## Exercise instructions
It would help if you retyped the data exactly, leaving out the pictures.

Stored records:
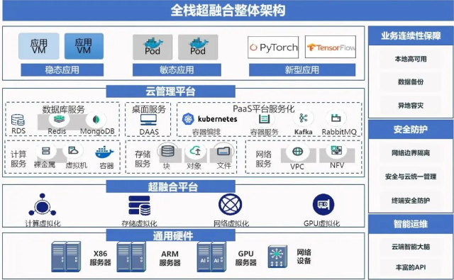 支持虚拟机、容器化安排,兼容稳态应用、敏态应用及云原生应用。
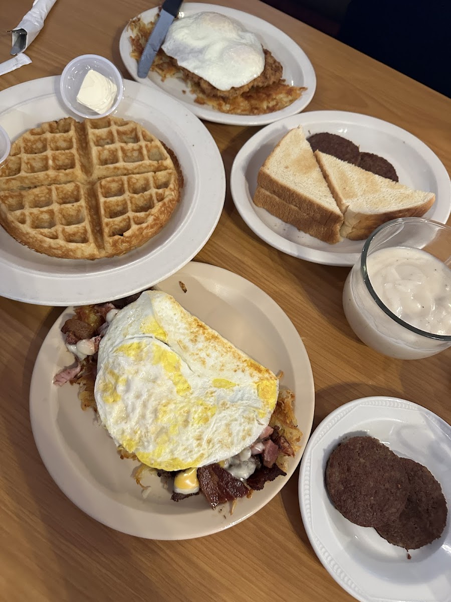 One of the standout dishes here is the Chicken Fried Steak Breakfast. It's a Texas classic, served crispy and golden, paired perfectly with fluffy eggs and savory gravy. If you're in the mood for something a little different, the Sausage Texas Toast is another popular choice. This mouthwatering dish features a thick slice of Texas toast topped with savory sausage, making it a perfect option for breakfast or lunch.
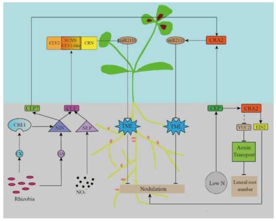 The nodule number and its development in legumes are strictly limited by the negative feedback regulation of long-distance signals from the roots to shoot buds and back to roots, which is called nodule self-regulation (autoregulation or AON). The AON pathway involves systemic regulation in the root–soil–shoot continuum, including the CLE-SUNN negative regulatory pathway and the CEP-CRA2 positive regulatory pathway. When nitrogen and rhizobia were abundant in the soil, the rhizobial signal can affect the CK concentration, and CRE1 and NIN can trigger the CLE signal transduction. NO3− can also trigger the CLE signal transduction by affecting the activity of the NLP transcription factor. When plants are deficient in nitrogen, the rhizobial signal promotes the expression of MtCEP7 through CK/CRE1 and NIN signaling. After the CLE and CEP signals are recognized by SUNN and CRA2, respectively, the downstream signal from the shoot buds to the roots is conducted by the shoot bud-produced miR2111. Activated SUNN and CRA2 inhibit and promote the formation of miR2111, respectively, and then miR2111 negatively regulates the TML expression in the roots. This systemic regulatory pathway allows the nodulation capacity of the legume roots to be fine-tuned, depending on the nitrogen utilization.
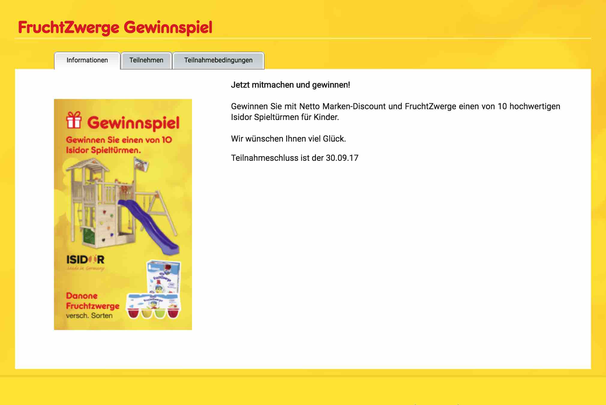 Netto Marken Discount Gewinn: 1 von 10 hochwertigen Isidor Spieltürmen Lösungsvorschlag: - Teilnahmeschluss: 29.09.2017 Link: abgelaufen
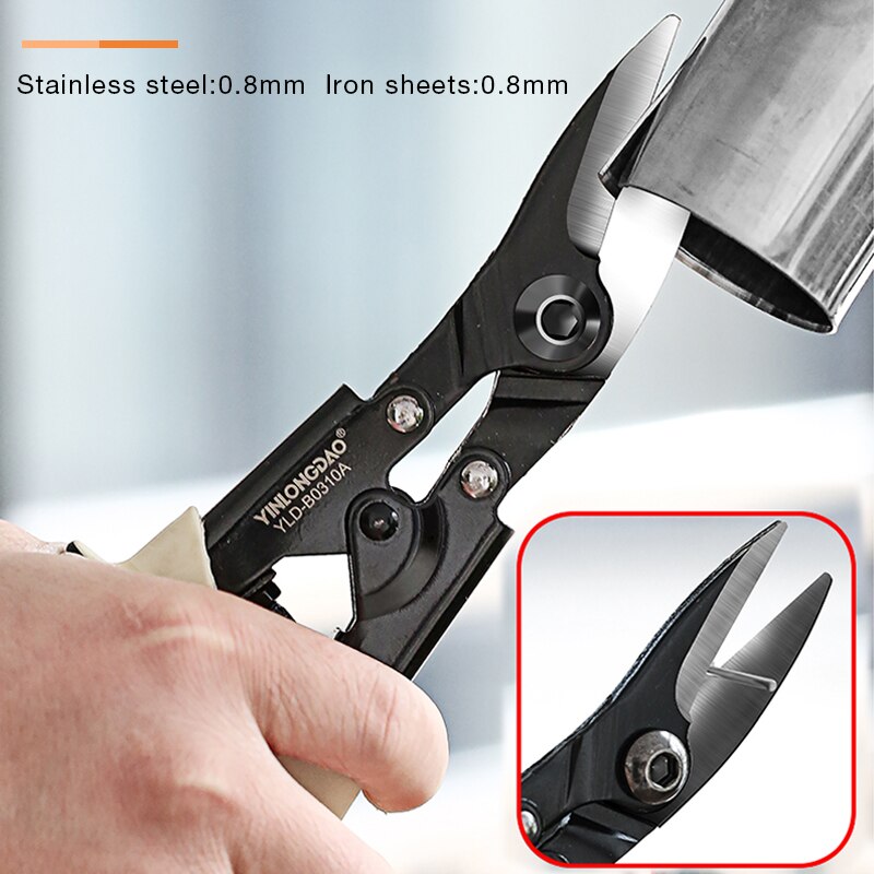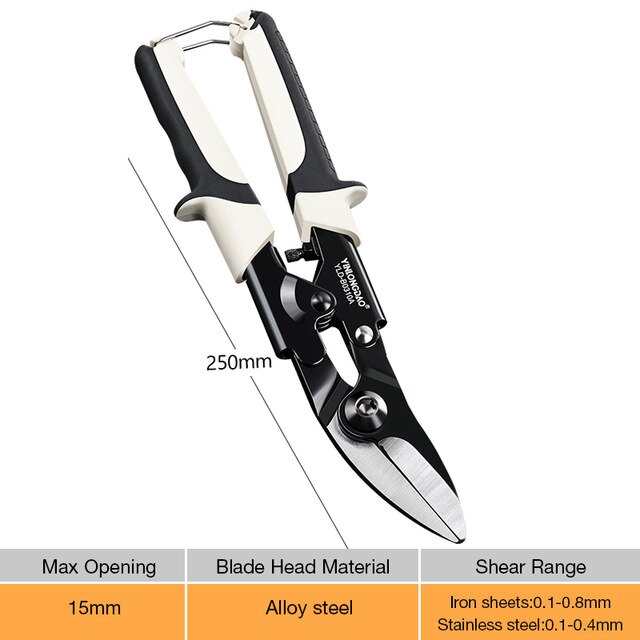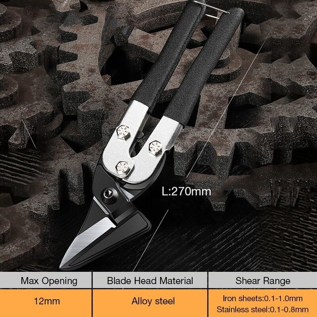 Features: high lever compound cutting shear made of chrome vanadium steel is specially designed for handle of ergonomics design, which will not cause Scratch due to repeated use. Ideal for cutting aluminum, sheet metal, leather, carpet, cardboard and plastic. The self opening action ensures that the material can be quickly fed through the jaw plate. One hand automatic lock release with dual material extrusion handle for added comfort and grip.

## Response box
 支持虚拟机、容器化安排,兼容稳态应用、敏态应用及云原生应用。
 One of the standout dishes here is the Chicken Fried Steak Breakfast. It's a Texas classic, served crispy and golden, paired perfectly with fluffy eggs and savory gravy. If you're in the mood for something a little different, the Sausage Texas Toast is another popular choice. This mouthwatering dish features a thick slice of Texas toast topped with savory sausage, making it a perfect option for breakfast or lunch.
 The nodule number and its development in legumes are strictly limited by the negative feedback regulation of long-distance signals from the roots to shoot buds and back to roots, which is called nodule self-regulation (autoregulation or AON). The AON pathway involves systemic regulation in the root–soil–shoot continuum, including the CLE-SUNN negative regulatory pathway and the CEP-CRA2 positive regulatory pathway. When nitrogen and rhizobia were abundant in the soil, the rhizobial signal can affect the CK concentration, and CRE1 and NIN can trigger the CLE signal transduction. NO3− can also trigger the CLE signal transduction by affecting the activity of the NLP transcription factor. When plants are deficient in nitrogen, the rhizobial signal promotes the expression of MtCEP7 through CK/CRE1 and NIN signaling. After the CLE and CEP signals are recognized by SUNN and CRA2, respectively, the downstream signal from the shoot buds to the roots is conducted by the shoot bud-produced miR2111. Activated SUNN and CRA2 inhibit and promote the formation of miR2111, respectively, and then miR2111 negatively regulates the TML expression in the roots. This systemic regulatory pathway allows the nodulation capacity of the legume roots to be fine-tuned, depending on the nitrogen utilization.
 Netto Marken Discount Gewinn: 1 von 10 hochwertigen Isidor Spieltürmen Lösungsvorschlag: - Teilnahmeschluss: 29.09.2017 Link: abgelaufen
 Features: high lever compound cutting shear made of chrome vanadium steel is specially designed for handle of ergonomics design, which will not cause Scratch due to repeated use. Ideal for cutting aluminum, sheet metal, leather, carpet, cardboard and plastic. The self opening action ensures that the material can be quickly fed through the jaw plate. One hand automatic lock release with dual material extrusion handle for added comfort and grip.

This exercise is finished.